Kitabın Yazarı Milan Kundera Kimdir?

Milan Kundera, Çek-Fransız asıllı yazar. Kundera, 1 Nisan 1929'da Çekoslovakya'nın Brno şehrinde doğmuştur. 15 kitap yazmış, sayısız ödül almış, yazarlık mesleği yanında uzun yıllar müzik ve sinemayla profesyonel olarak uğraşmıştır. Yaşamını Paris'te, eşiyle birlikte sürdürmektedir.

Yaşamı

1929 yılında, orta halli Kundera ailesinin ikinci çocuğu olarak dünyaya geldi. Babası Ludvik Kundera (1891-1971), 1948-1961 yılları arasında Brno Müzik Akademisi müdürlüğü yapmış olan, ünlü müzikolojist ve piyanist Leoš Janaček'in öğrencisiydi. İlk piyano derslerini babasından aldı ve ilerleyen yıllarda kendisi de müzikoloji üzerine çalışmalar yaptı.

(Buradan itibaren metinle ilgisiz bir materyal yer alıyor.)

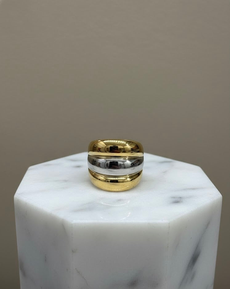 Ένα δαχτυλίδι που συνδυάζει δύο κόσμους σε μία ενιαία, δυναμική φόρμα. Το “Twin Harmony” παίζει με το χρυσό και το ασημί, δημιουργώντας ένα statement κομμάτι που αποπνέει ισορροπία, καθαρότητα και premium αισθητική. Κατασκευασμένο από stainless steel, παραμένει ανθεκτικό, λαμπερό και αναλλοίωτο, ιδανικό για εμφανίσεις που απαιτούν διακριτική δύναμη και μοντέρνα κομψότητα.

Lise eğitimini 1948 yılında Brünn'de bitirdikten sonra, Charles Üniversitesi Güzel Sanatlar Fakültesi'nde, edebiyat ve estetik üzerine eğitim gördü. İki dönem sonra Film Akademisi'ne geçti ve yönetmenlik konusunda ilk makalelerini yazdı fakat daha sonra çalışmalarını politik baskı yüzünden durdurmak zorunda kaldı.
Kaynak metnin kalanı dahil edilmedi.